Data provided.

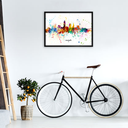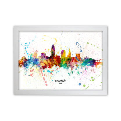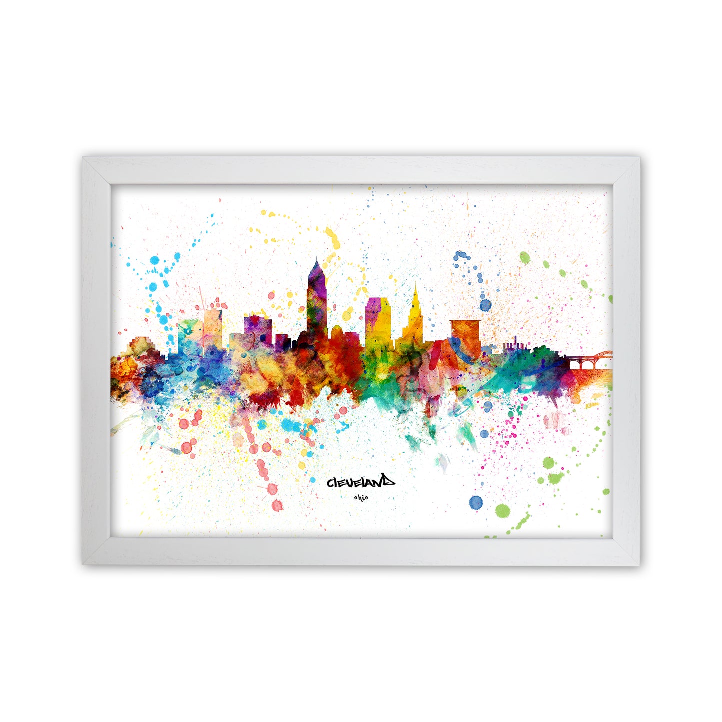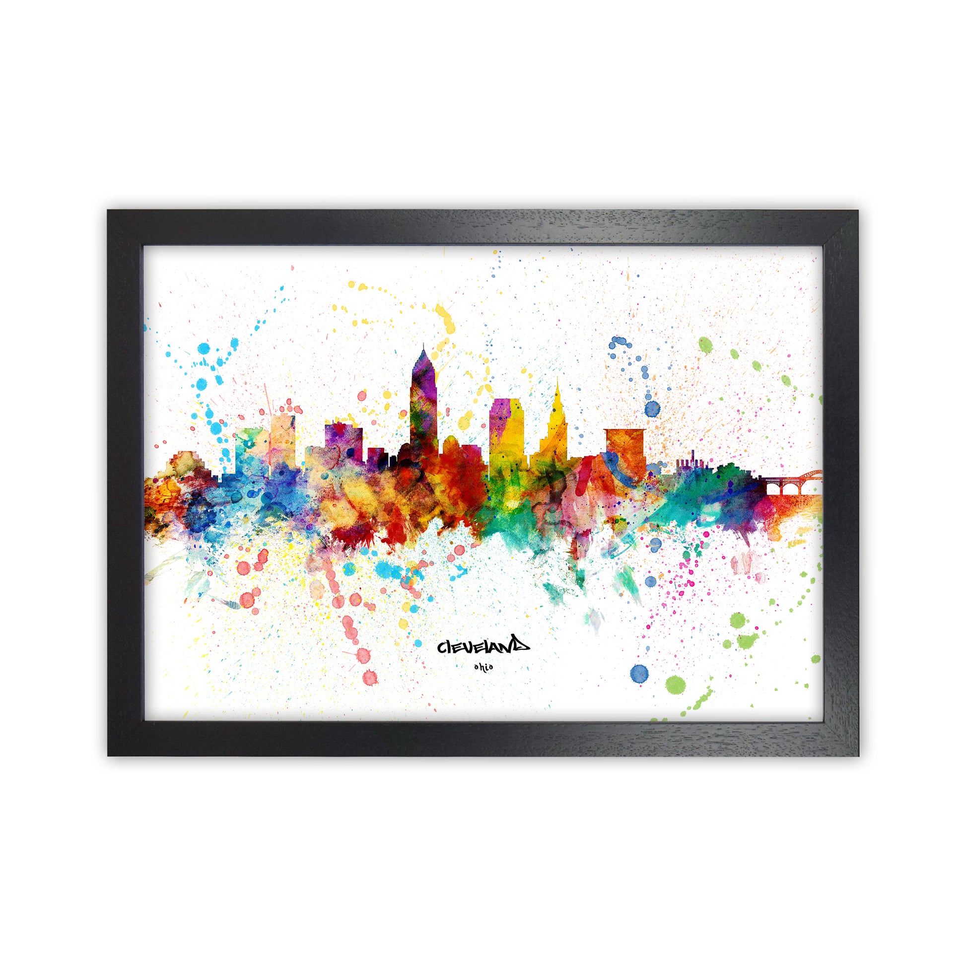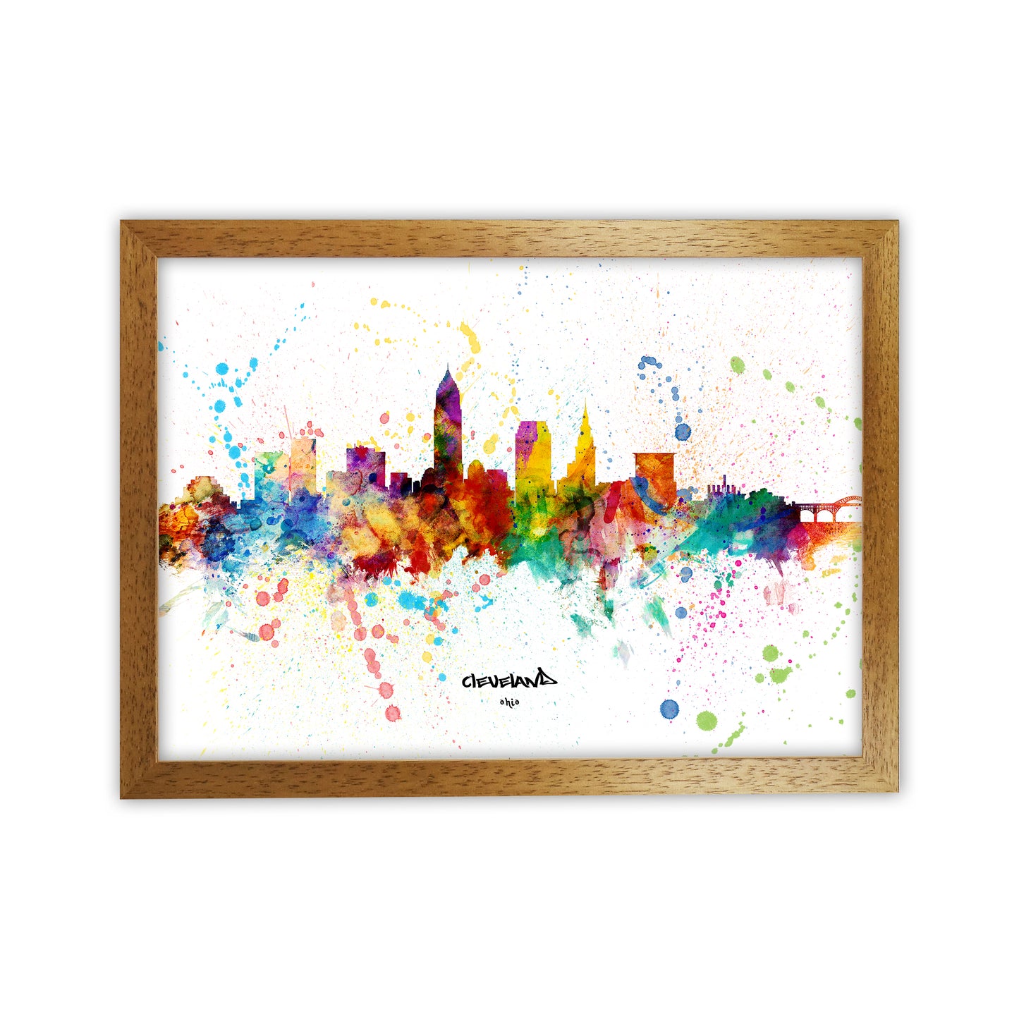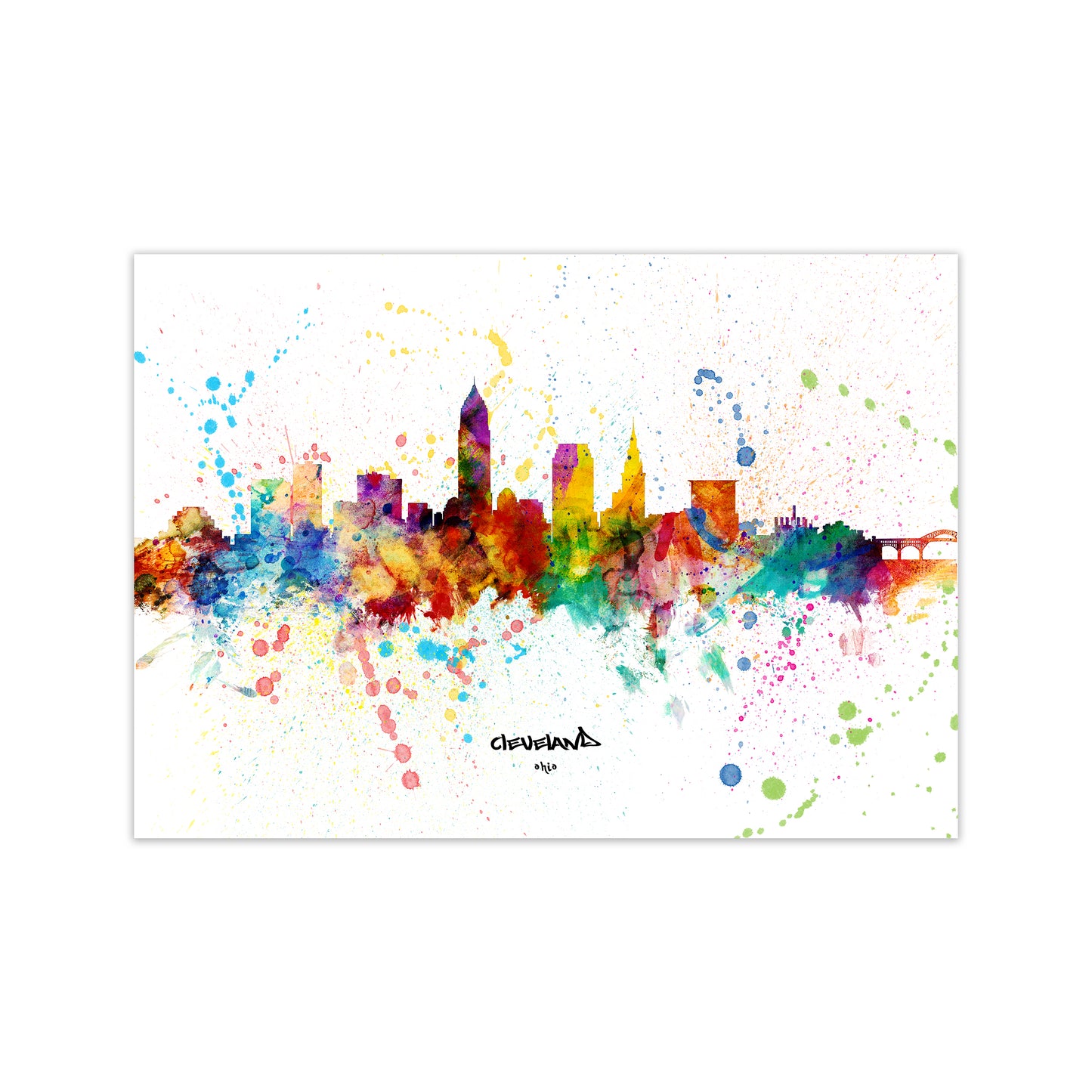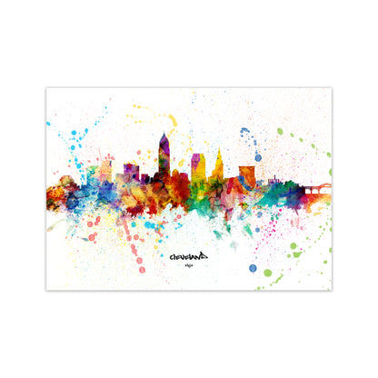 Cleveland Ohio Skyline Splash Art Print by Michael Tompsett
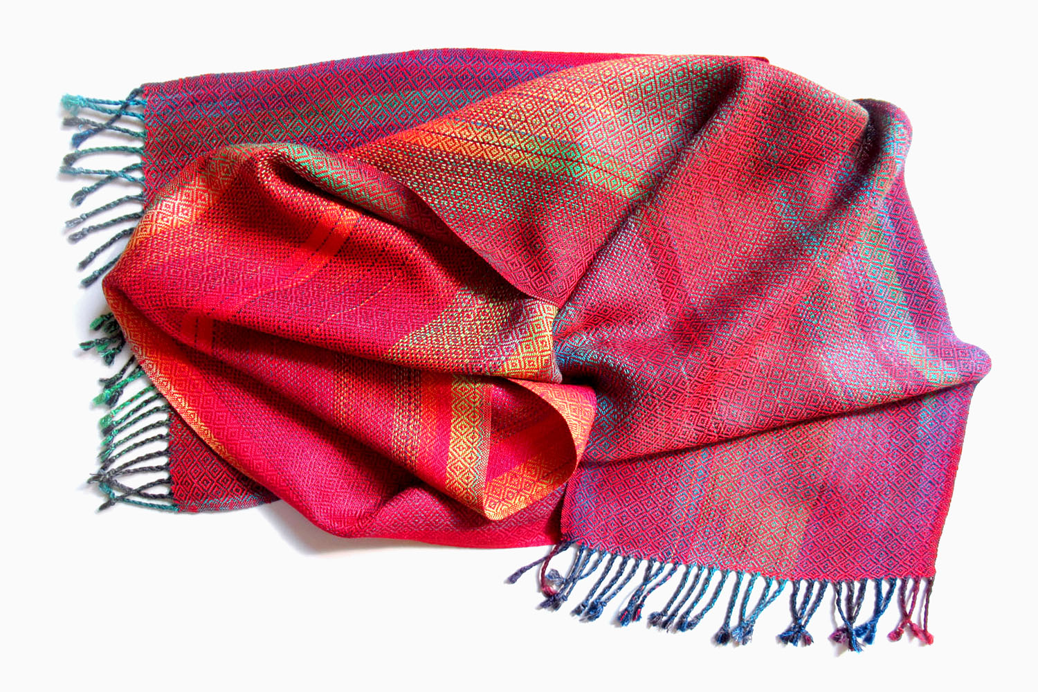 Die ungewöhnlichen Farbeffekte der Tücher erreiche ich durch das Färben der Kettfäden. In der Längsrichtung des Gewebes werden die auffallenden Kolorierungen sichtbar. Der einfarbige Schussfaden trifft auf verschiedene Farbtöne, es entstehen immer neue harmonische Farbkombinationen in fließenden Übergängen.
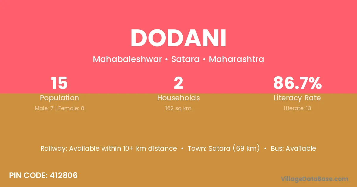 Satara (69 km) is the nearest town to Dodani village for major economic activities and is located approximately 69 km away.

About this task. Return all of the data exactly as written, and drop the pictures.

Task answer.
 Cleveland Ohio Skyline Splash Art Print by Michael Tompsett
 Die ungewöhnlichen Farbeffekte der Tücher erreiche ich durch das Färben der Kettfäden. In der Längsrichtung des Gewebes werden die auffallenden Kolorierungen sichtbar. Der einfarbige Schussfaden trifft auf verschiedene Farbtöne, es entstehen immer neue harmonische Farbkombinationen in fließenden Übergängen.
 Satara (69 km) is the nearest town to Dodani village for major economic activities and is located approximately 69 km away.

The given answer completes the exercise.